Natural Sweetener Review: Erythritol
With obesity, diabetes, and other sugar-related diseases on the rise, finding healthier alternatives is becoming more essential. When trying to cut back on sugar to improve health, lose weight, or improve mental function, erythritol is another excellent alternative to consider.
What Is Erythritol?
Erythritol is a naturally abundant sugar alcohol, which is its own category of sweetener. It has the smallest molecular weight of any sugar alcohol, and it forms dry crystals of moderate sweetness (60-80% as sweet as sucrose/table sugar).
Erythritol is found naturally in certain foods, such as grapes, mushrooms, watermelons, and pears. It is also a byproduct of certain fermentation processes, such as when cheese, beer, wine, or soy sauce are made. A naturally-occurring substance, it was first isolated in 1852. It gained FDA approval in 2001, however, making it relatively new on the sweetener market.
The FDA has not set an ADI or limit on sugar alcohols, instead saying, “not specified” and Generally Recognized as Safe. NCIB trials found it to be safe at 1 g per kg of body weight.

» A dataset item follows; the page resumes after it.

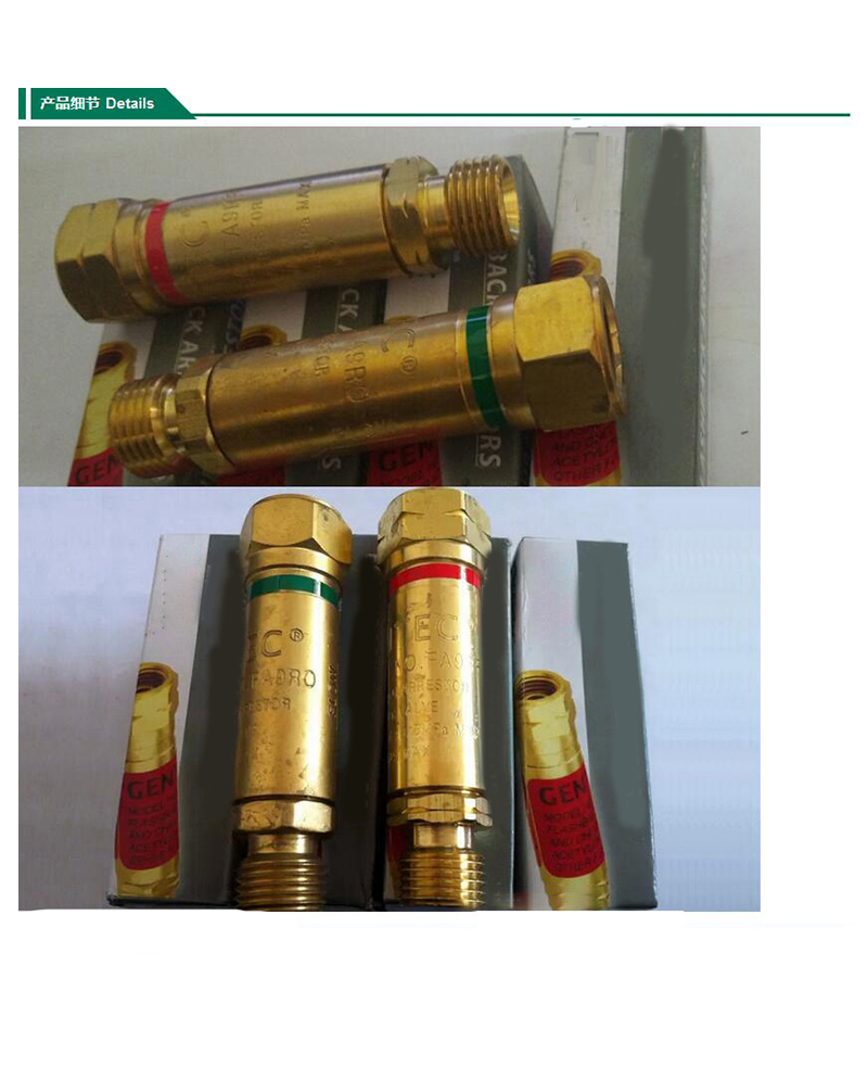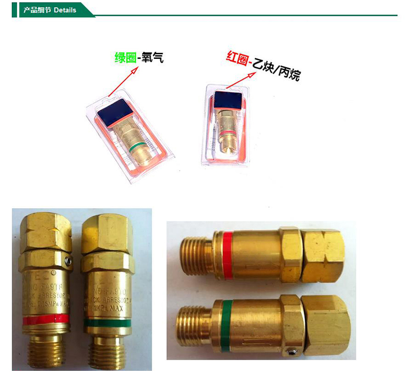 ·微孔散热型火焰熄灭装置确保火焰熄灭 ·气体单向阀在回火过程自动将气源瞬间切断 ·具有自动复位功能可连续作业 ·直接连接在气体减压器的出口上使用
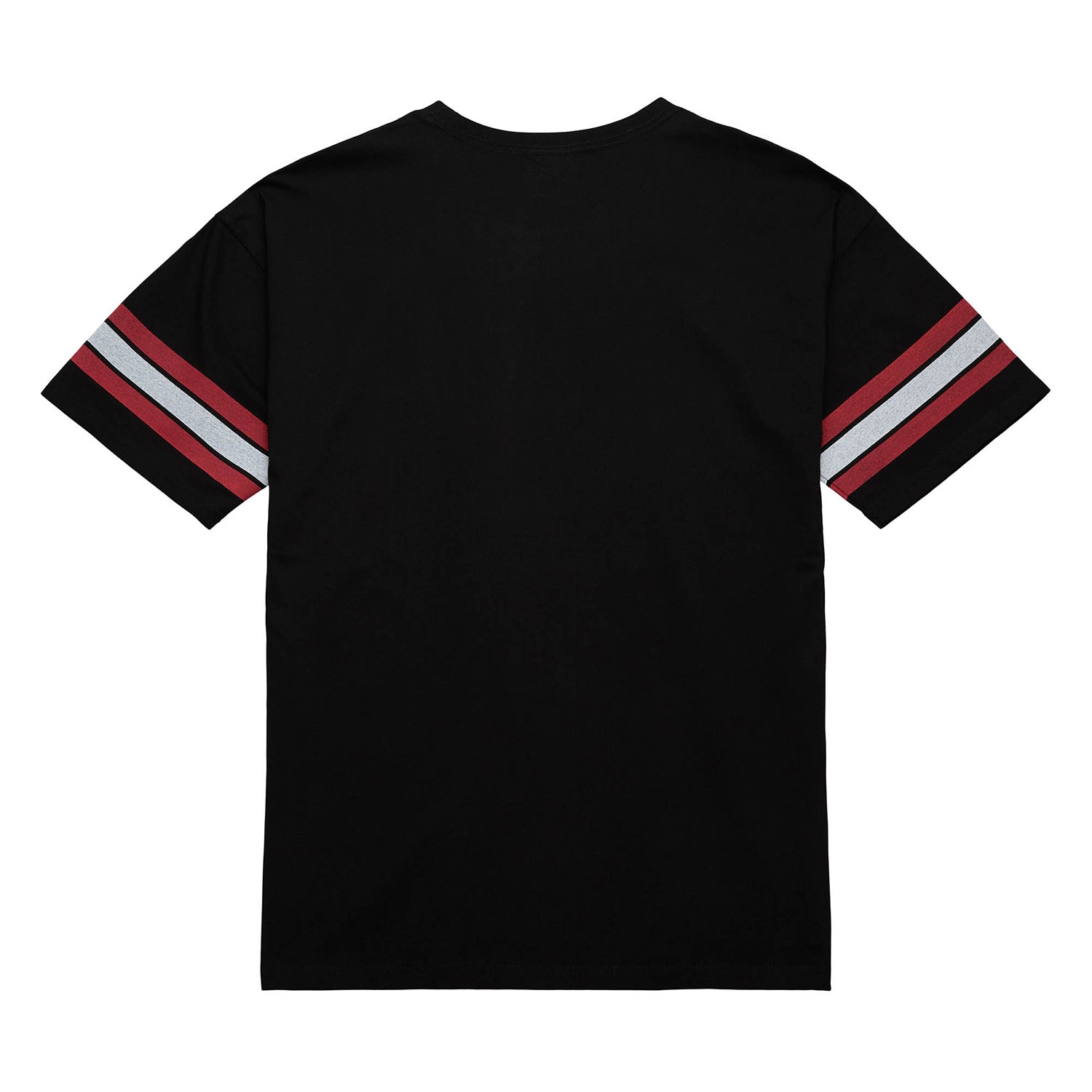 - Gedruckte, leicht „distressed" wirkende Streifen auf den Ärmeln und oberhalb des Saums für einen stylischen Vintage-Effekt.

- For example, a 150 lb person (68 kg) could consume 68 g per day before hitting this limit.
How Is Erythritol Used?
Erythritol is to sweeten:
- Sugar-free candies and chocolates
- Chewing gum
- Coffees and teas (as an add-in)
- Sports drinks
- Baked goods
- Table sweeteners
- It is also used in cosmetics and pharmaceuticals (particularly in toothpaste and mouthwash)
Pros and Cons of Erythritol
Like all other sugar substitutes, erythritol has pros and cons, including:
- Pro: Sugar alcohols are lower in calories than sugars, and erythritol specifically only contains .24 calories per gram (compared to the 4 calories per gram in sugar).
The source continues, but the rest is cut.